Steve Puma | Tuesday December 1st, 2009 | 4 Comments

C4CCsqr.jpgPrior to the crash of the housing bubble and the collapse of financial markets, many different types of companies we involved in creating new and interesting ways to separate Americans (“consumers”) from their hard-earned money, especially those companies involved in consumer finance. From cell phone carriers to banks, high interest rates and hidden fees were the name of the game, leaving customers too confused to sort it all out, with many simply giving up and paying whatever they were charged.

The worst offenders, credit card companies and banks, have recently found themselves on the wrong end of legislation, the CARD Act of 2009, is intended to put a stop to some of the worst practices, such as excessive interest rate increases and unfair fee traps. True to form, this has not stopped the credit card companies from attempting to extract as much money from their customers as possible. According to Consumers for Competitive Choice, “…rather than react responsibly, the credit card industry has flouted the will of Congress and the Administration by moving quickly to raise rates, increase fees, and reduce available credit before the law takes effect next year.” In a completely new tactic, the credit card companies have decided to shift their focus to credit card transaction fees, an area that Congress has not yet addressed, and something that Consumers for Competitive Choice representatives feel we should all be very concerned about.

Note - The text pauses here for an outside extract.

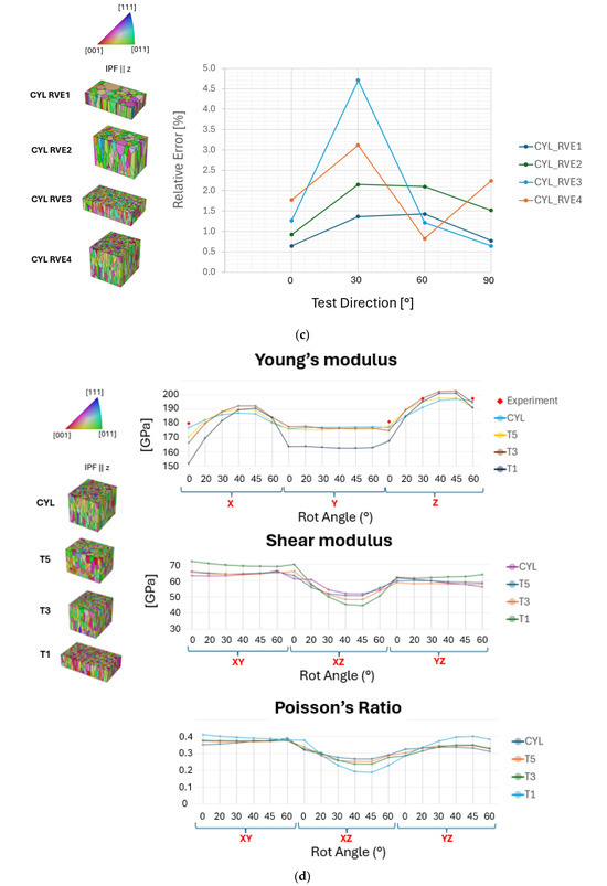 Figure 12b shows that the RVE1 method, considered the most representative, closely matches the experimental data, suggesting its high potential for accurately predicting material properties. However, despite this strong correlation, the RVE1 method demonstrated significant instability during the tessellation process, making it difficult to apply to other samples. This method requires precise grain morphological inputs, such as grain centroid coordinates, grain sizes, mean grain orientations, and aspect ratios. Given that only a single EBSD plane was considered in this work, it was challenging for NEPER to convert the 2D data into a 3D RVE using this method. As a result, it involved extensive tessellation times and a high risk of mesh generation failures, which limited its practical use. In contrast, the RVE4 method, which involved a broader selection of the EBSD area, showed comparable results to RVE1, with correlation errors of 1.8%, 3.2%, 0.8%, and 2.2% at 0°, 30°, 60°, and 90° test directions, respectively, seen in Figure 12c. Error quantification was calculated using following relative error Equation (notation ‘YM’ corresponds to Young’s Modulus):
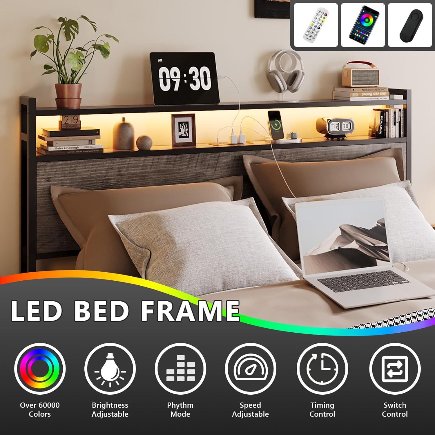 【Modern Industrial Design & Easy Assembly】 With a sleek industrial style metal headboard and minimalist frame, this queen size bed frame with storage and LED lights fits seamlessly into modern and industrial bedrooms. Clear instructions, numbered parts, and included tools allow quick and hassle-free assembly.

Headquartered in Indianapolis, Ind., Consumers for Competitive Choice, (C4CC) is a national alliance of consumer advocacy groups and private citizens who are committed to promoting maximum choice for consumers in communications, energy, health care and financial services. The organization has spun off a new project, called the Credit Card Con, to bring attention to the issue of credit card interchange fees. Last week, the company held a teleconference to bring attention to the recently released report by the General Accounting Office (GAO) on the matter.